Apostas esportivas ou ‘jogos de azar’ como questão de saúde pública, na ‘Lancet’ de novembro
Revista divulga inquérito sobre esses jogos, como resposta a “uma ameaça negligenciada, pouco estudada e em expansão”.
Os jogos de azar não são simples atividade de lazer; trata-se de comportamento viciante prejudicial à saúde, aponta o editorial da revista Lancet Public Health, em sua edição de novembro/2024. Os danos associados ao jogo são abrangentes, diz o texto, afetando a saúde, o bem-estar e os relacionamentos do indivíduo, famílias e comunidades “com potenciais consequências para toda a vida e aprofundando as desigualdades sociais e de saúde”. A edição traz dados encontrados pela Comissão Lancet sobre jogos de azar, estabelecendo conexões com os determinantes sociais, comerciais, legais e políticos da saúde.
A Comissão estima que 46,2% dos adultos e 17,9% dos adolescentes participaram de jogos de azar em 2023, globalmente. De acordo com o estudo, embora apenas uma pequena proporção de indivíduos seja classificada como envolvida em jogos de azar problemáticos (1,4%), é crucial considerar o efeito do jogo em todo o espectro de consumo. As estimativas são que 5,5% das mulheres e 11,9% dos homens enfrentam algum risco no jogo. “O panorama epidemiológico está mudando, com a participação de um número substancial de mulheres e jovens”, destaca, ainda, a pesquisa, alertando que “para a indústria do jogo, esse não é um cenário epidemiológico, trata-se de um mercado em rápida expansão e altamente lucrativo”.

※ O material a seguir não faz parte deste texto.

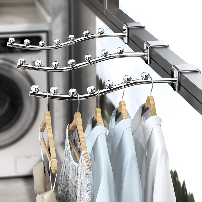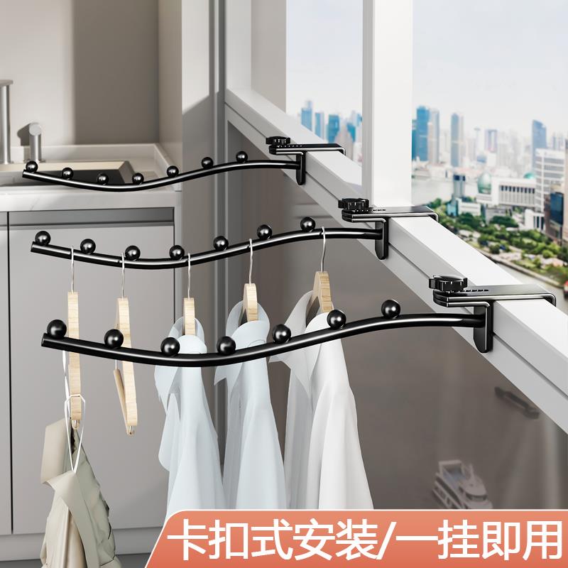窗宽晾衣架阳台防盗窗不锈钢护栏衣架挂杆宿舍床边挂钩家用免打孔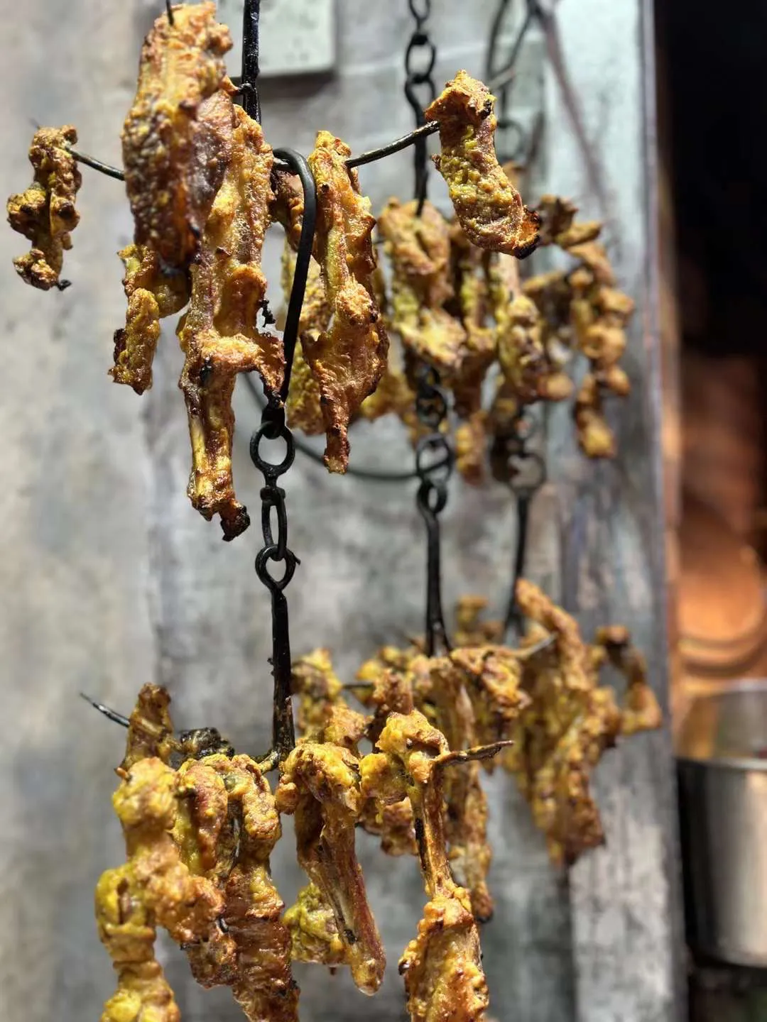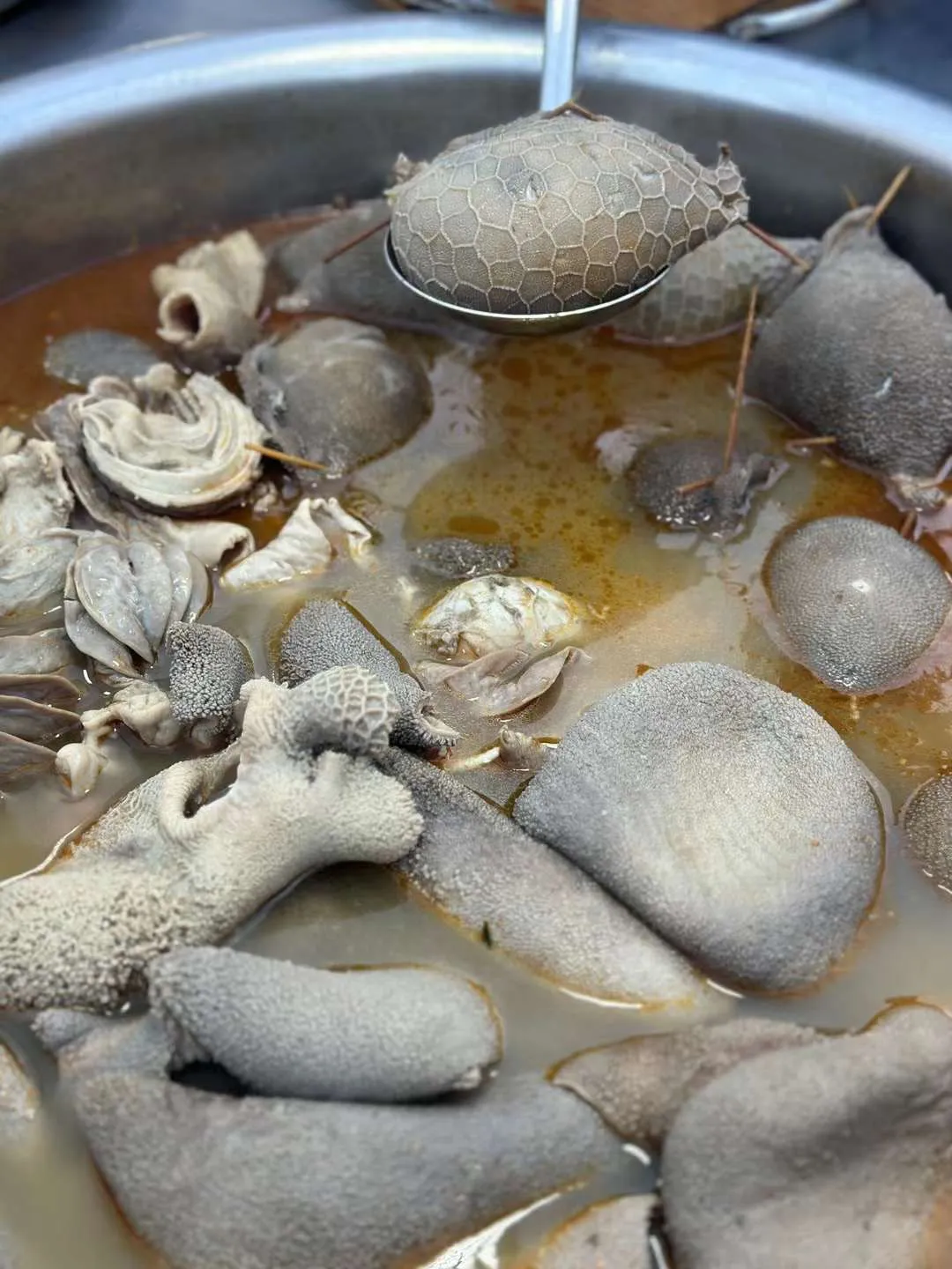 路边摊的羊肚10元一份,我买了一份,里面包的啥具体我不知道,浇上汁吃起来酸酸辣辣,不过我不太爱吃里面包的东西,羊肚还可以。还有一种金黄色的果子,当地人说是烤木瓜。我买了个小份5元,吃起来甜甜的,像腌制的。

Conforme aponta o editorial, o setor de jogos comerciais promove seus produtos e protege seus interesses com adoção de práticas empresariais concebidas “não só para influenciar o comportamento do consumidor, como os processos narrativos e políticos em torno da regulamentação” – com tendência para se concentrar na responsabilidade individual em vez de mudanças políticas mais amplas.
Transformação digital
A Comissão descreve “um ecossistema de jogo complexo com domínios e capacidades incomparáveis oferecidos pela transformação digital”, contando com o uso do marketing digital inovador para atingir os consumidores pelas redes sociais e pelos próprios dados dos usuários, associado ao patrocínio desportivo e mediático, para apoiar a expansão dos jogos. As fronteiras entre jogos digitais e jogos de azar também estão se tornando confusas, indica, ainda, o estudo.

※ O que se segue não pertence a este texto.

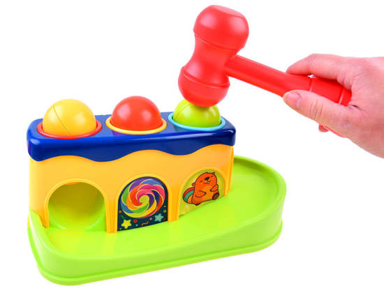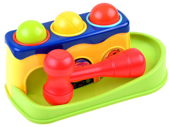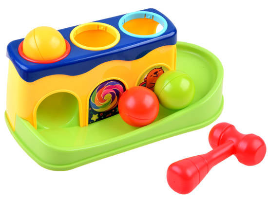 the colorful balls in the holes with a red hammer so that they fall down and roll down the slide. The product is made with the youngest children in mind,

Outro aspecto abordado é o do interesse dos governos, devido aos benefícios que obtêm com os impostos e receitas de uma indústria lucrativa, levando a pouca atenção à compreensão dos danos relacionados a esses jogos. “Confiaram em abordagens demasiado simplificadas, apontando para a responsabilidade individual e os perigos para os indivíduos em alto risco”, analisa o texto. “Equilibrar a saúde pública com interesses econômicos concorrentes é agora crucial, alerta a Comissão, apelando aos governos e tomadores de decisão para que tratem o jogo como problema de saúde pública – tal como acontece com outros produtos viciantes e pouco saudáveis, como o álcool e o tabaco – e fornece recomendações para prevenir e mitigar a vasta gama de danos associados ao jogo.
A Comissão recomenda intervenções tanto no nível da população como no nível individual e clama pela implementação de “regulamentação eficaz” em todos os países, que inclua reduções na exposição aos jogos, com requisito de idade mínima, proibições ou restrições ao acesso, promoção, marketing e patrocínio.
“A indústria alegará que seus produtos são apreciados por milhões de pessoas, a esmagadora maioria das quais não sofre consequências adversas, e que tais recomendações violam a liberdade dos indivíduos. Esta Comissão expõe essas afirmações como profundamente enganosas. Os governos têm o dever de proteger os seus cidadãos de produtos nocivos e viciantes e de adoptar uma resposta de saúde pública ao jogo”, destaca o editorial.